Led by State Representative Mike Ritze (R-Broken Arrow), a constitutional conservative, the letter to Attorney General Pruitt was also signed by two state senators and four other state representatives. “This is not about marijuana at its core — it is about the U.S. Constitution, the Tenth Amendment, and the right of states to govern themselves as they see fit,” said Ritze in a statement about the letter. “If the Supreme Court can force Colorado to criminalize a substance or activity and commandeer state resources to enforce extra-constitutional federal statutes and UN agreements, then it can essentially do anything, and states become mere administrative units for Washington, D.C.”

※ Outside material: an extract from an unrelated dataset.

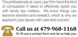 We understand that family issues can become stressful. Therefore, we approach these types of emotional issues with great care. We first seek to resolve the situation through negotiation and settlement. If this approach doesn't achieve the proper resolution, an experienced family law attorney will stand with you when the case goes to trial.
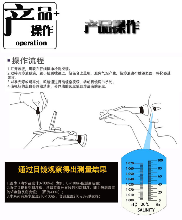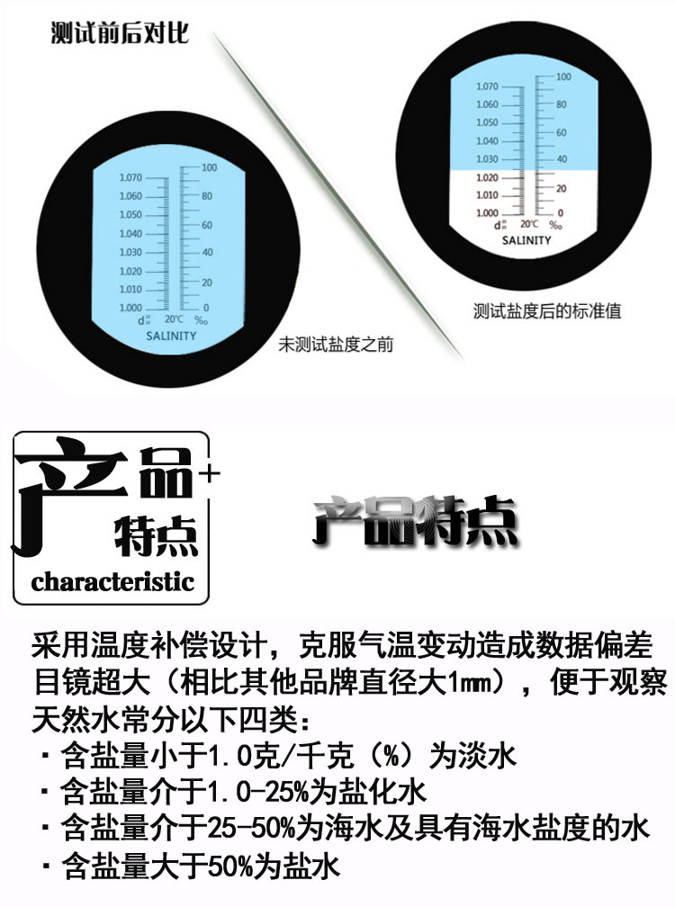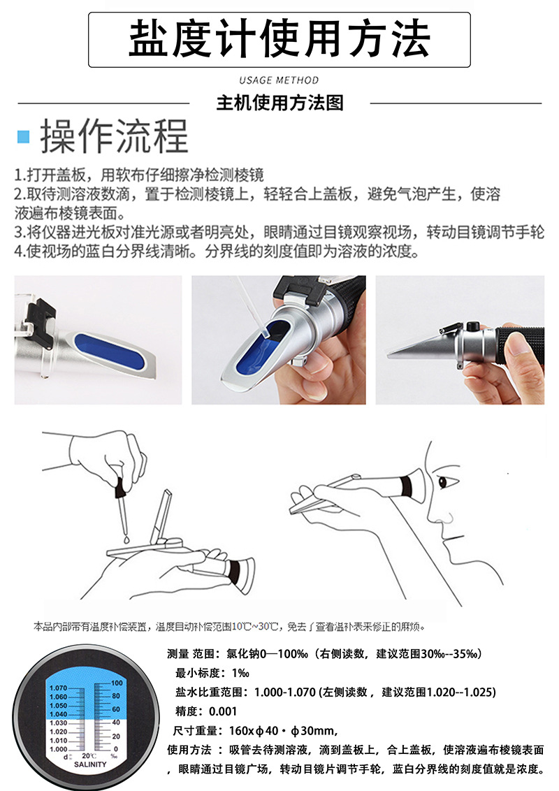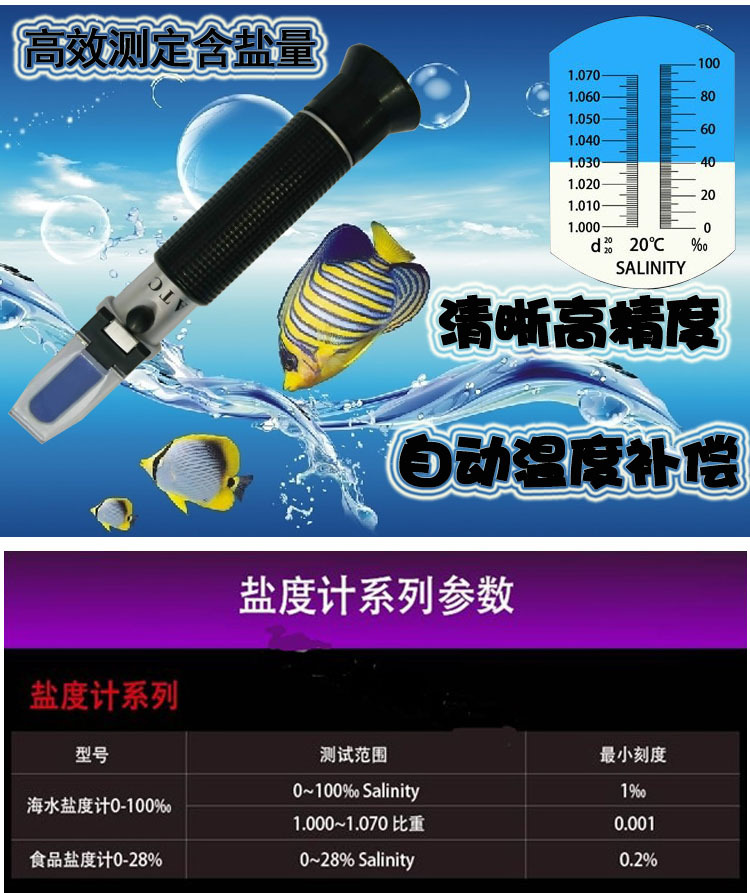 ATC 온도 보상과 광학 염분 측정기 비중계 바다 탱크 농사 염수 염분 측정기스토어 가기

“That is not what our Founding Fathers had in mind and that is not what the people of Oklahoma stand for,” he added. “The Constitution reserved the police power to the states, therefore states are the proper venue for determining what their own civil and criminal codes should be, not the federal government or the UN. Our Founding Fathers intended the states to be laboratories of self-government, free to tinker and experiment with different ideas. The founders, from Jefferson to Madison, were also strong proponents of states nullifying unconstitutional federal actions.”

“If the people of Colorado want to end prohibition of marijuana, while I may personally disagree with the decision, constitutionally speaking, they are entitled to do so,” concluded the statement by Representative Ritze. “Neither the commerce clause nor the supremacy clause grants the federal government the power to regulate intrastate trade or commandeer state and local resources in pursuit of a policy. If citizens of that state don’t like it, they are free to use the process to change the laws or move to another state. The last thing we need is the federal government and the UN trying to dictate our criminal codes and control our commercial activities.”

However, Representative Ritze and his colleagues are hardly alone among supporters of the Constitution and federalism in hoping for a resolution to the situation that does not end up trampling on states’ rights. Georgetown University law professor Randy Barnett, a liberty-minded lawyer who teaches constitutional law and played a key role in the Supreme Court ruling that ObamaCare was unconstitutional under the commerce clause, spoke out strongly against the suit as well. “I see no other way to interpret Nebraska and Oklahoma’s lawsuits than as an example of ‘fair weather federalism,’” he explained in an opinion column about the effort.

Ironically, as the attorneys general for two of the most conservative states in the union were arguing against states’ rights, even some typically far-left voices suddenly found themselves supporting the 10th Amendment. “If Nebraska and Oklahoma prevail on their claim — if they convince five justices that federal law forces states to ban weed, and that such a law is constitutional — states’ rights would take a brutal blow,” observed Mark Joseph Stern with the rabidly pro-Big Government online outlet Slate. “A Congress that can force states to criminalize marijuana can also force states to do just about anything — like, say, expand Medicaid, or perform background checks on gun buyers, or regulate polluting waste. This expansion of federal power would be a catastrophe for federalists, a near-total reversal of their recent triumphs.”

The Oklahoma attorney general did not respond last week to a request for comment about the lawsuit.